Tyler Baker tyler at infinet.com
Wed Sep 30 18:46:36 BST 1998


Tim Bray wrote:

> Suppose I wrote up a NOTE, should occupy less than one page, proposing
> a reserved attribute xml:packed with, for the moment, only two
> allowed values, "none" and "base64".  The default value is "none".
> If an element has xml:packed="base64" this means that
>
> (a) the content of the element to which this is attached must be
>     pure #PCDATA, no child elements and no references, and
> (b) the content is encoded in base64, leading and trailing spaces allowed

Why would the content have to have no child elements or references?  I can see
how this constraint would make things simpler for the parser and avoid some of
the obvious confusion with mixed content models.

> This obviously couldn't retroactively become part of XML 1.0, but
> if it went through a process and became a W3C recommendation, I bet
> every parser author in the world would support it in about 15 minutes.
>
> Base64 (a 4-for-3 encoding) wastes 33%, so I thought about perhaps
> inventing Base128 (8-for-7) or maybe even a higher level to cut down
> wasteage, but Base64 has the advantage that it avoids UTF8/ISO-8859
> confusion and I bet Mr.
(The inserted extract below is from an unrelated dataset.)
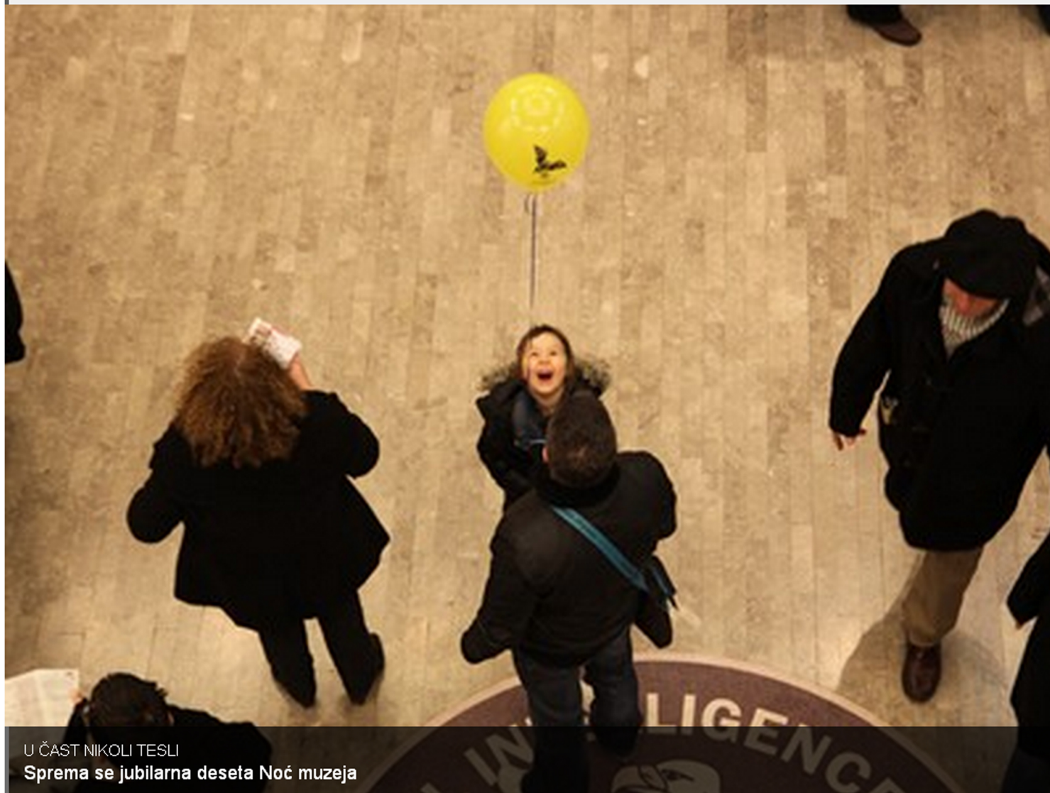
U ČAST NIKOLI TESLI Sprema se jubilarna deseta Noć muzeja

LZW will eat that 33% anyhow...

Something I still wonder about is whether UNISYS is still playing patent rights
games with LZW.

> I also thought about xml:encoding=, but that conflicts with
> encoding= in the XML declaration in a confusing way.
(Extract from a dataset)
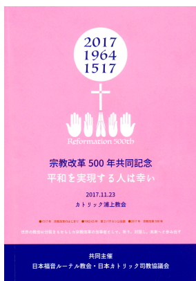
当日のプログラム

記念シンポジウムと礼拝が開催されました。この会は日本福音ルーテル教会と日本カトリック司教協議会との共催で行われたもので、歴史的なイベントとなりました。その内容については別の機会にご報告したいと思います。

You could have something like xml:type="base64" which opens the door for more
efficient processing by the XML parser for data primitives before presenting them
to the application.  So you could have something like:

xml:type="int".  It would be up to the parser to marshal the data in big-endian,
little-endian or whatever format the host operating system uses.  Right now, most
parsers and parser interfaces provide attribute values and character content only
in String form.  If Mathematica were to do anything useful with XML and a Java
interface (with a lower-level native kernel of course) it would first have to
parse the data as a String.  This is inefficient as Mathematica would only care
to have the data as a number in the first place.  If the character content cannot
be parsed into a number, throw an exception or return an error code.